-- Dataset section follows --

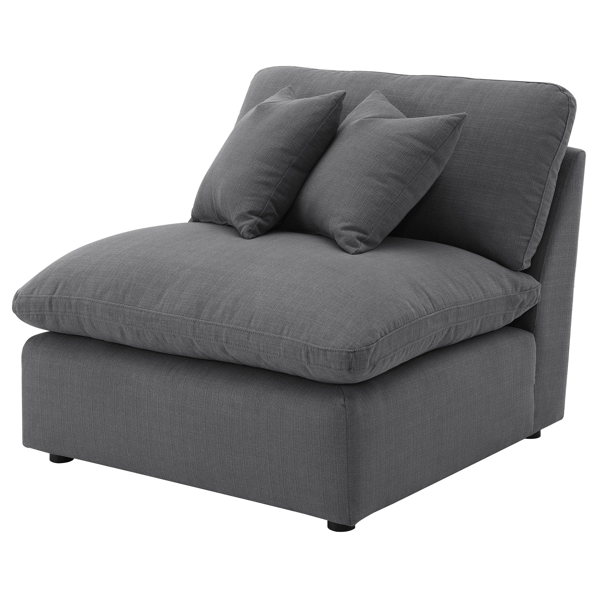 • Armless chair in charcoal fabric with modern lines and tailored stitched detail
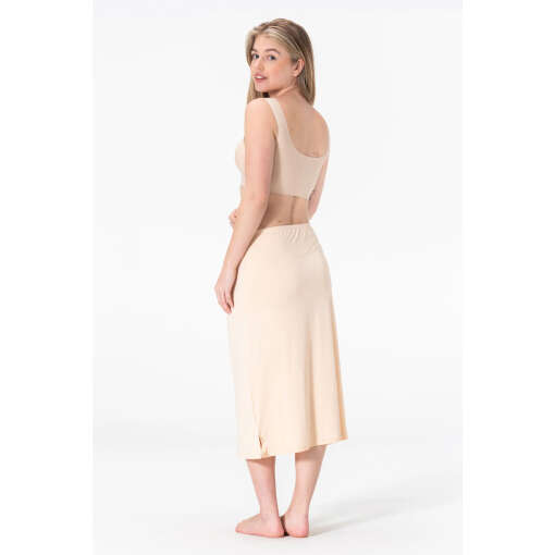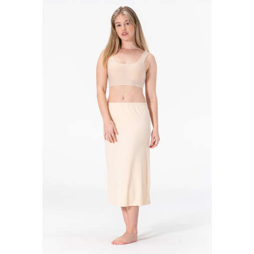 De lange lengte met split geeft je extra bewegingsvrijheid en een elegante uitstraling onder al je jurken en rokken. Materiaal samenstelling: 85% Polyamide, 15% Elastaan. Voeg deze veelzijdige onderrok toe aan je garderobe voor een strakke, verzorgde look en optimaal comfort gedurende de hele dag!
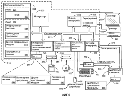Указанный компьютер 610 может также включать другие съемные/несъемные энергозависимые/энергонезависимые компьютерные носители для хранения. В качестве примера и только, ФИГ.6 изображает накопитель 641 на жестких дисках, который читает с или записывает на несъемный энергонезависимый магнитный носитель, накопитель 651 на магнитных дисках, который читает с или записывает на съемный энергонезависимый магнитный диск 652, и накопитель 655 на оптических дисках, который читает с или записывает на съемный энергонезависимый оптический диск 656, такой как CD-ROM или другой оптический носитель.
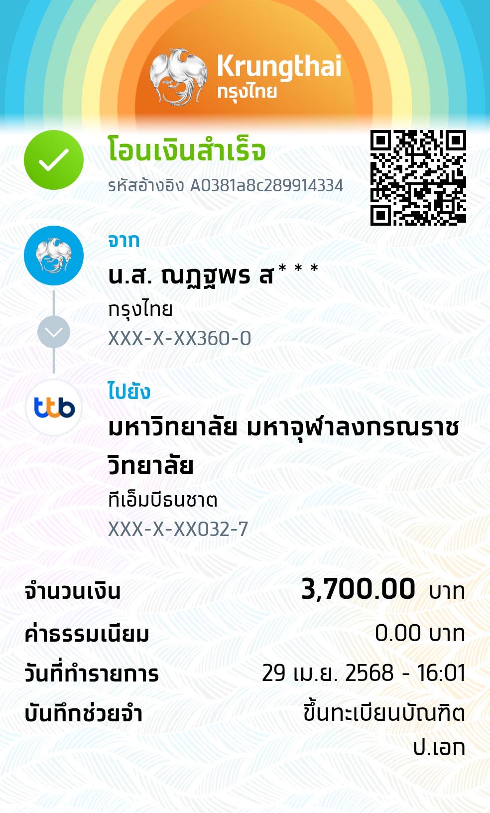 QR Code สำหรับสแกนเข้าร่วมพิธี * เข้าพิธีประสาทปริญญาวันที่ 7 ธันวาคม 2568 |

-- Dataset section concluded --

== What the exercise asks ==
The expected output is the complete listing, word for word, without any picture.

== Response box ==
 • Armless chair in charcoal fabric with modern lines and tailored stitched detail
 De lange lengte met split geeft je extra bewegingsvrijheid en een elegante uitstraling onder al je jurken en rokken. Materiaal samenstelling: 85% Polyamide, 15% Elastaan. Voeg deze veelzijdige onderrok toe aan je garderobe voor een strakke, verzorgde look en optimaal comfort gedurende de hele dag!
Указанный компьютер 610 может также включать другие съемные/несъемные энергозависимые/энергонезависимые компьютерные носители для хранения. В качестве примера и только, ФИГ.6 изображает накопитель 641 на жестких дисках, который читает с или записывает на несъемный энергонезависимый магнитный носитель, накопитель 651 на магнитных дисках, который читает с или записывает на съемный энергонезависимый магнитный диск 652, и накопитель 655 на оптических дисках, который читает с или записывает на съемный энергонезависимый оптический диск 656, такой как CD-ROM или другой оптический носитель.
 QR Code สำหรับสแกนเข้าร่วมพิธี * เข้าพิธีประสาทปริญญาวันที่ 7 ธันวาคม 2568 |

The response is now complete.